Mon verdict : pour du boilerplate et des one-liners, gardez les suggestions inline activées. Pour tout ce qui ressemble à une vraie feature UI (un composant complexe, un layout multi-pages, un formulaire avec validation), désactivez les suggestions et ouvrez la sidebar. Décrivez ce que vous construisez, posez vos contraintes, itérez. C'est moins spectaculaire qu'un ghost text qui apparaît tout seul, mais c'est ce qui produit du code que vous comprendrez encore dans six mois.

Le futur des copilotes n'est pas plus de suggestions. C'est plus de contrôle.

Foire aux questions

Les suggestions inline des copilotes IA sont-elles inutiles ?

Non. Les suggestions inline restent efficaces pour le boilerplate, les patterns répétitifs et les complétions de syntaxe. Le problème apparaît quand vous construisez des UI complexes qui nécessitent un contexte global (audience, contraintes visuelles, architecture). Pour ces cas, la sidebar interactive offre un contrôle que l'autocomplétion ne peut pas fournir.

Quels copilotes proposent une sidebar de qualité ?

Cursor intègre un chat contextuel qui indexe tout le projet. Claude Code fonctionne en terminal avec un accès complet au filesystem et au contexte projet. GitHub Copilot Chat est disponible dans VS Code et JetBrains. Windsurf (Codeium) propose un mode « agentic » qui enchaîne les actions. Le choix dépend de votre stack et de votre préférence d'interface.

Le vibe coding est-il viable pour un projet professionnel ?

Le vibe coding pur (prompt vague, copier-coller sans relire, zéro specs) produit systématiquement du code fragile. Les retours de la communauté Reddit le confirment : codebases ingérables, 500 déploiements pour une interface simple, fondations à reprendre de zéro. Le vibe coding encadré par des specs, des fichiers de contexte et une review systématique est une autre histoire : c'est du développement assisté par IA, et ça fonctionne.

Comment structurer un prompt UI efficace pour la sidebar ?

Utilisez le framework en quatre parties : identité du composant (« une page de pricing SaaS »), audience cible (« founders techniques »), features spécifiques (« 3 tiers, toggle mensuel/annuel, CTA »), contraintes esthétiques (« Inter, indigo-600, whitespace généreux »). Ce niveau de détail produit un taux de réussite d'environ 80 % selon les tests documentés par 0xminds.com, contre 20 % pour les prompts vagues.
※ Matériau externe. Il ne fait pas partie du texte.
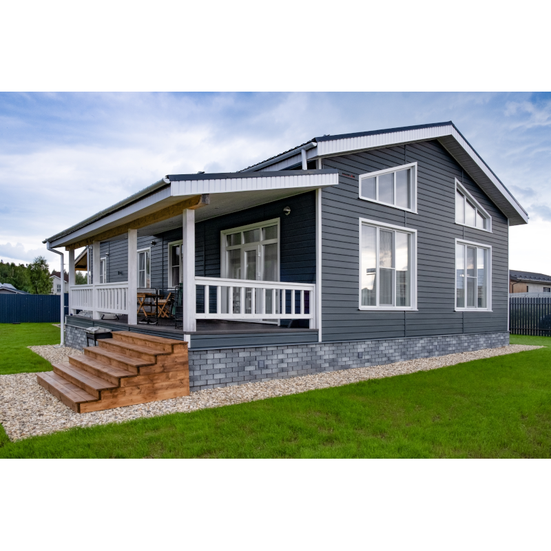 Сайдинг серии Double-брус с увеличенной шириной панели (полная ширина 324 мм, рабочая 291 мм) можно монтировать и горизонтально, и вертикально. Форма и текстура поверхности сайдинга Дабл-брус достоверно имитирует клееный брус. А цвет Графит коллекции Акрил Premuim с улучшенной формулой окраски идеально подойдет для создания фасада в скандинавском стиле. К сайдингу Double-брус конструктивно подходят все стандартные аксессуары сайдинга Grand Line в виниле или акриле.
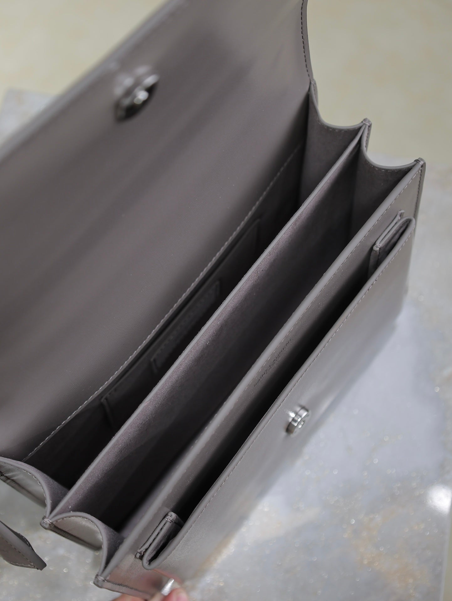 YSL 25S SUNSET BAG 22 IN DARK PURPLE CALFSKIN SILVER HARDWARE

Faut-il désactiver les suggestions inline pour travailler avec la sidebar ?

Pas nécessairement. Les deux modes coexistent. La recommandation est de garder les suggestions pour les petites complétions et de basculer sur la sidebar dès que la tâche dépasse quelques lignes. Le réflexe à construire : quand vous vous apprêtez à accepter cinq suggestions inline d'affilée pour construire un composant, arrêtez et décrivez le composant en entier dans la sidebar.